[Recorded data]

========================================================================

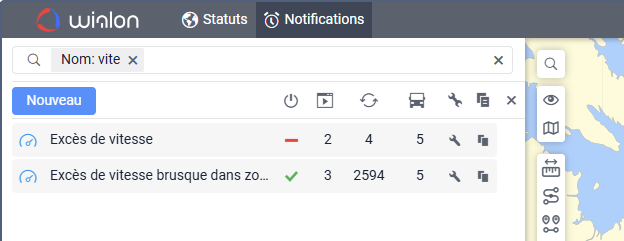 Par exemple, si vous sélectionnez le critère Nom, la liste affichera toutes les notifications dont les noms contiennent les caractères « vite ».
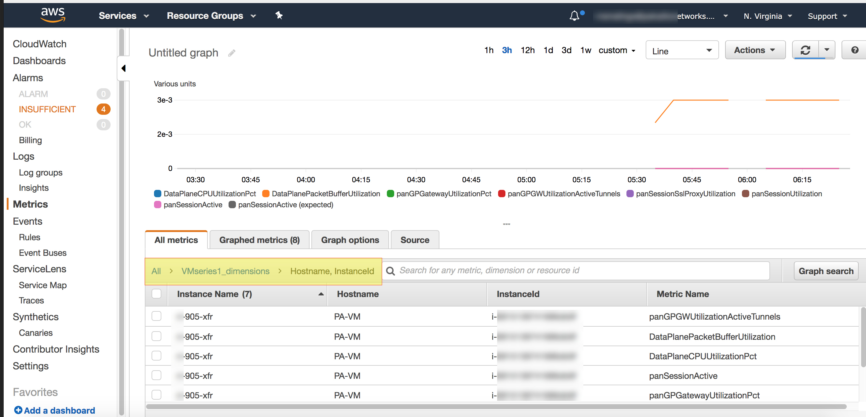 list.To filter by hostname or AWS Instance ID of a specific firewall, select _dimensions.
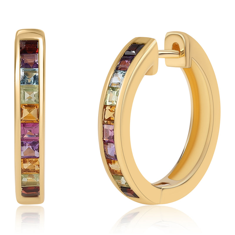 Pozlacené Stříbrné Náušnice s Duhovým Měsíčním Kamenem
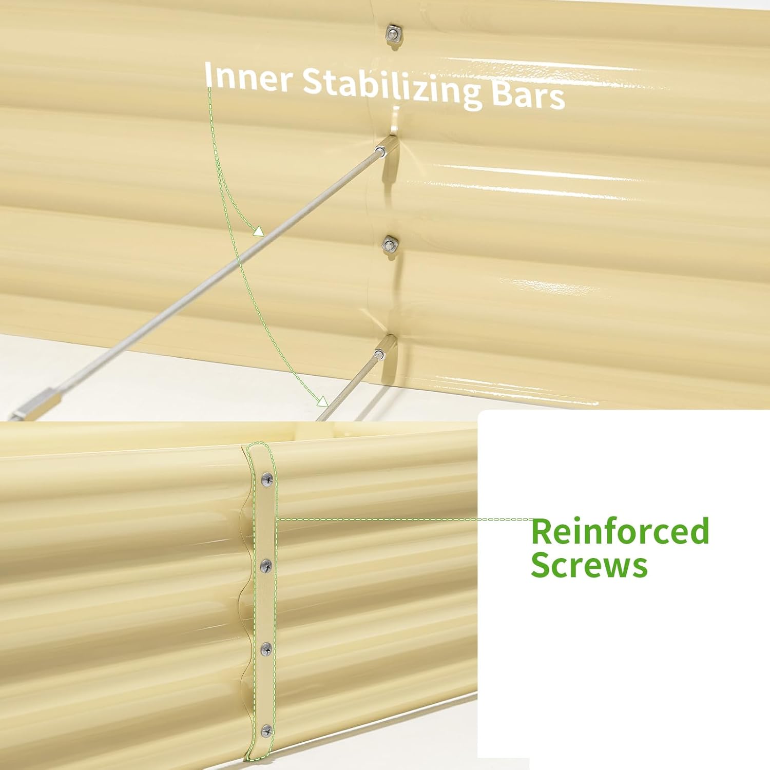 - Stable and Solid Construction: Double card frames on the two sides of the sheet make the raised garden kits more durable and stable, and 4 reinforcing rods make the whole raised garden bed more stable. Never worry about its distortion or collapse and it presents a much more beautiful design.
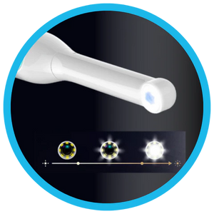 Its tip is accompanied by 8 LED lights, which have 3 levels of intensity adjustment, illuminating the darkest cavities.
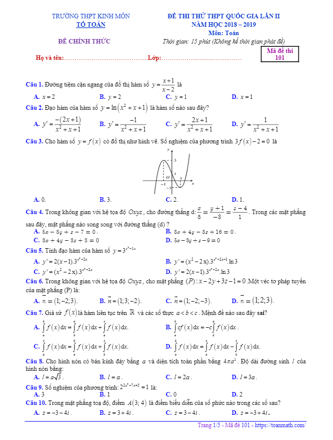 Đề thi thử Toán THPT Quốc gia 2019 lần 2 trường Kinh Môn – Hải Dương
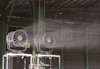 「CLJ-Dome」は微細な霧(セミドライフォグ)を送風ファンで拡散し、霧の気化熱によって広範囲を冷房する省エネ冷房システム。微細な霧のため床や壁面、生産設備や製造物を濡らすことなく冷房できる。
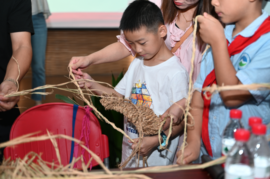 参观结束,阵地转移到活动室。孩子们先是观看了“长征”主题的微电影,跟随影片重温了那段艰苦的行程,在潜移默化中接受红军精神的教育。随后,又通过观摩和体验编制草鞋——这一特殊的历史符号,进一步了解和体会到当年红军艰苦跋涉、浴血奋战的不易。孩子们一个个充满好奇,目不转睛地观察了手工老师用简单的材料搓出草绳,再编制成草鞋的全过程。下一个环节,孩子们在手工老师的示范下,在爸爸妈妈的协助下,将“长征”路线图、红色圣地——井冈山、天安门城楼等制作成竹编画,感受传统竹编与红色文化相融合的独特魅力。
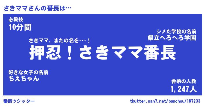 | ヒーロー風カッコイイあだ名 | 『スーパーサキママ』『銀牙騎士サキ』 |
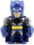 Réplica em metal do personagem Batman, com o uniforme cinza e azul.
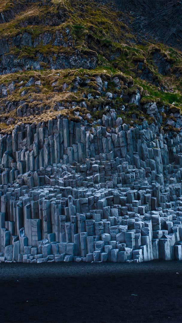 黑沙滩上Reynisdrangar的玄武岩,冰岛
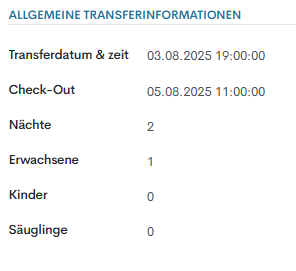 - Nächte – Anzahl der Nächte mit den neuen Daten. Wenn das Transferdatum festgelegt ist und die Anzahl der Nächte geändert wird, passt das System das Abreisedatum entsprechend an.
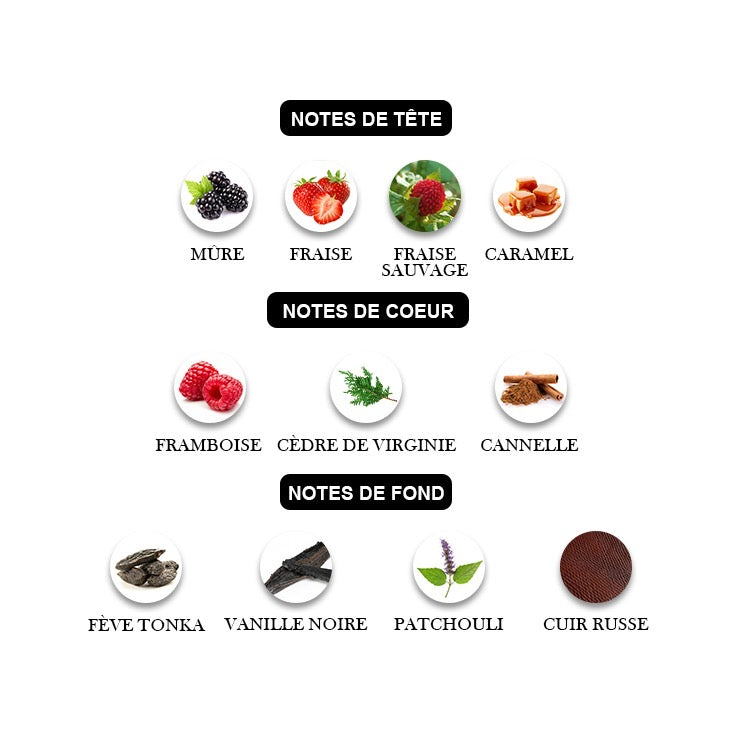 Un élixir gourmand et charnel où la mûre juteuse, la fraise éclatante et la fraise sauvage se fondent dans la douceur dorée du caramel.
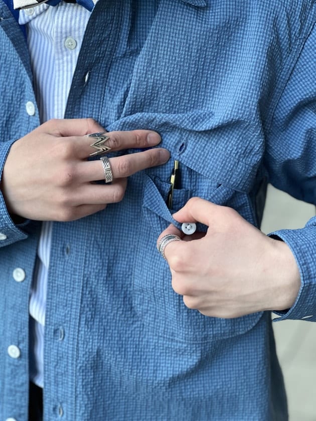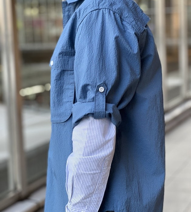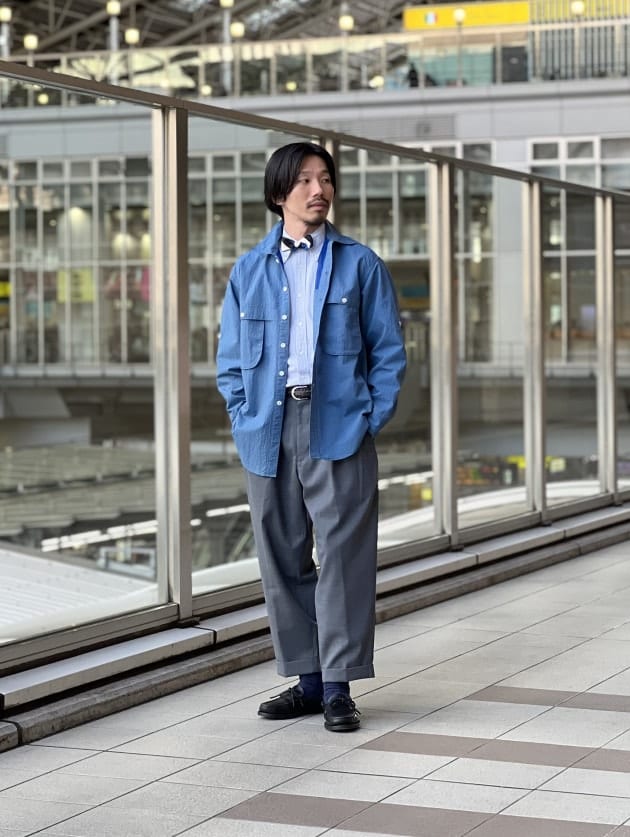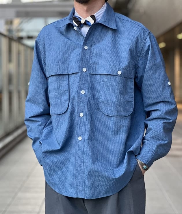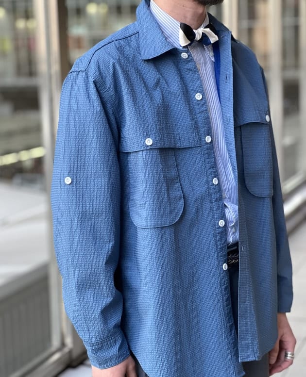 ハンティング由来なシャツですが、素材も相まって土臭くなりすぎず、清涼感のあるスタイルを演出出来ますね。

========================================================================

### Task statement
Could you repeat exactly the lines from the first one of the records above through the line containing "ヒーロー風カッコイイあだ名 | 『スーパーサキママ』『銀牙騎士サキ』 |", leaving out any pictures?

### Written response
 Par exemple, si vous sélectionnez le critère Nom, la liste affichera toutes les notifications dont les noms contiennent les caractères « vite ».
 list.To filter by hostname or AWS Instance ID of a specific firewall, select _dimensions.
 Pozlacené Stříbrné Náušnice s Duhovým Měsíčním Kamenem
 - Stable and Solid Construction: Double card frames on the two sides of the sheet make the raised garden kits more durable and stable, and 4 reinforcing rods make the whole raised garden bed more stable. Never worry about its distortion or collapse and it presents a much more beautiful design.
 Its tip is accompanied by 8 LED lights, which have 3 levels of intensity adjustment, illuminating the darkest cavities.
 Đề thi thử Toán THPT Quốc gia 2019 lần 2 trường Kinh Môn – Hải Dương
 「CLJ-Dome」は微細な霧(セミドライフォグ)を送風ファンで拡散し、霧の気化熱によって広範囲を冷房する省エネ冷房システム。微細な霧のため床や壁面、生産設備や製造物を濡らすことなく冷房できる。
 参观结束,阵地转移到活动室。孩子们先是观看了“长征”主题的微电影,跟随影片重温了那段艰苦的行程,在潜移默化中接受红军精神的教育。随后,又通过观摩和体验编制草鞋——这一特殊的历史符号,进一步了解和体会到当年红军艰苦跋涉、浴血奋战的不易。孩子们一个个充满好奇,目不转睛地观察了手工老师用简单的材料搓出草绳,再编制成草鞋的全过程。下一个环节,孩子们在手工老师的示范下,在爸爸妈妈的协助下,将“长征”路线图、红色圣地——井冈山、天安门城楼等制作成竹编画,感受传统竹编与红色文化相融合的独特魅力。
 | ヒーロー風カッコイイあだ名 | 『スーパーサキママ』『銀牙騎士サキ』 |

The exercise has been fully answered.